--- INSTRUCTIONS TO FOLLOW ---
The answer consists only of the lines from the beginning of the listing below to the line holding "А это моя ёлка", inclusive, with every picture removed.

--- TASK INPUTS ---
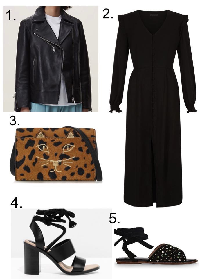 If you want to be a bit more girly, but not too twee, then wearing your leather with a dress or a skirt just toughens it up a bit. This dress is from New Look! it also comes in Red and Blue and that Finery leather jacket is on sale and it’s an absolute classic design. If I didn’t already have one, I would totes be buying this!
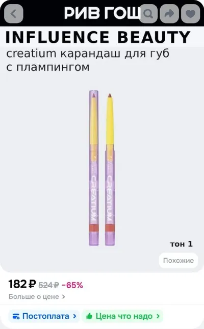Карандаш для губ с плампингом INFLUENCE BEAUTY Creatium, тон 01 за 182 рубля OZON https://ozon.ru/t/28P3kxD
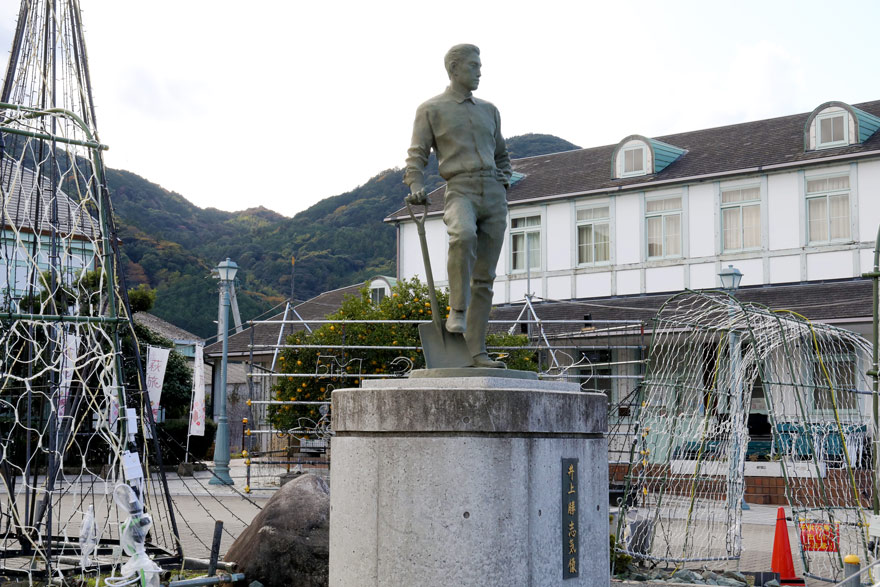 〔 萩 駅 萩駅舎前に “ 鉄道の父 ” と称される井上勝の銅像「井上勝 志気像」が、 平成28年10月に建立された! 〕
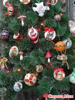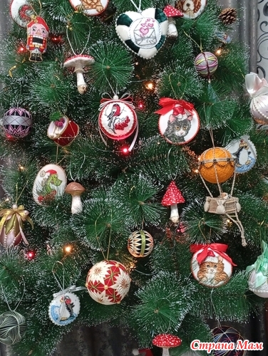 А это моя ёлка в этом году, там есть несколько таких шариков. А вообще все до единой игрушки ручная работа
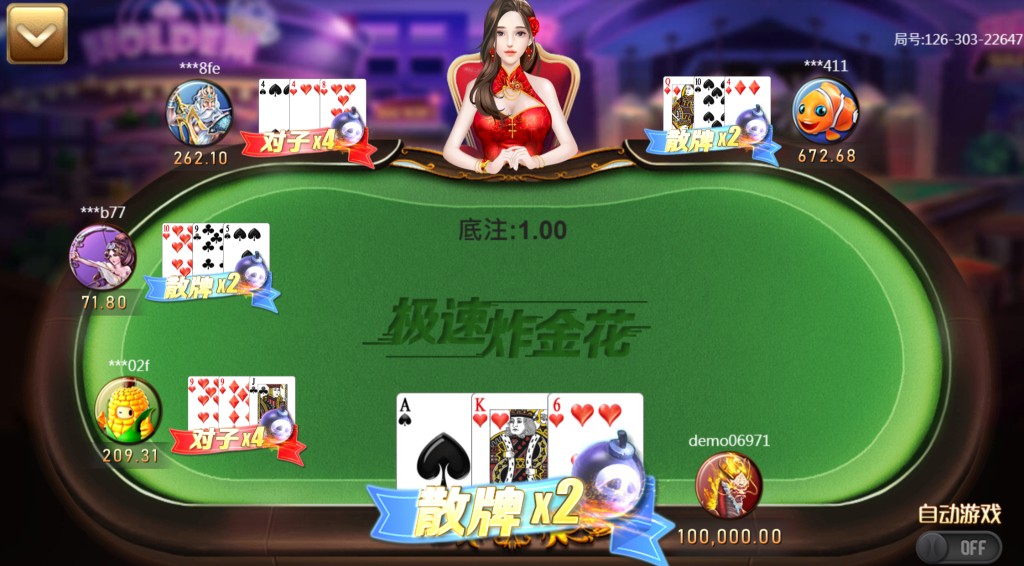 每位玩家開局獲得三張手牌,系統自動比牌並立即公佈結果,不用等待、不用下注拉鋸,直接決勝負。牌型分為「散牌」、「對子」、「順子」、「金花」、「同花順」、「豹子」等級,系統會自動加乘倍數,例如對子x4、散牌x2等,讓玩家輕鬆理解每手牌的價值。
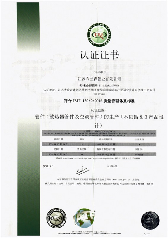 布蘭森熱傳輸新材有限公司二○○七年創立于廣東省深圳市,二○○九年成立江西布蘭森熱傳輸新材有限公司,2020年成立江蘇布蘭森管業有限公司,公司坐落在江蘇省泗洪縣青陽工業園內,公司自購廠房,投資1.5億元人民幣,廠房占地面積42畝,廠房建筑面積1.5萬多平方米,員工人數150多人,合作客戶200...

--- SOLUTION TO THE EXERCISE ---
 If you want to be a bit more girly, but not too twee, then wearing your leather with a dress or a skirt just toughens it up a bit. This dress is from New Look! it also comes in Red and Blue and that Finery leather jacket is on sale and it’s an absolute classic design. If I didn’t already have one, I would totes be buying this!
Карандаш для губ с плампингом INFLUENCE BEAUTY Creatium, тон 01 за 182 рубля OZON https://ozon.ru/t/28P3kxD
 〔 萩 駅 萩駅舎前に “ 鉄道の父 ” と称される井上勝の銅像「井上勝 志気像」が、 平成28年10月に建立された! 〕
 А это моя ёлка в этом году, там есть несколько таких шариков. А вообще все до единой игрушки ручная работа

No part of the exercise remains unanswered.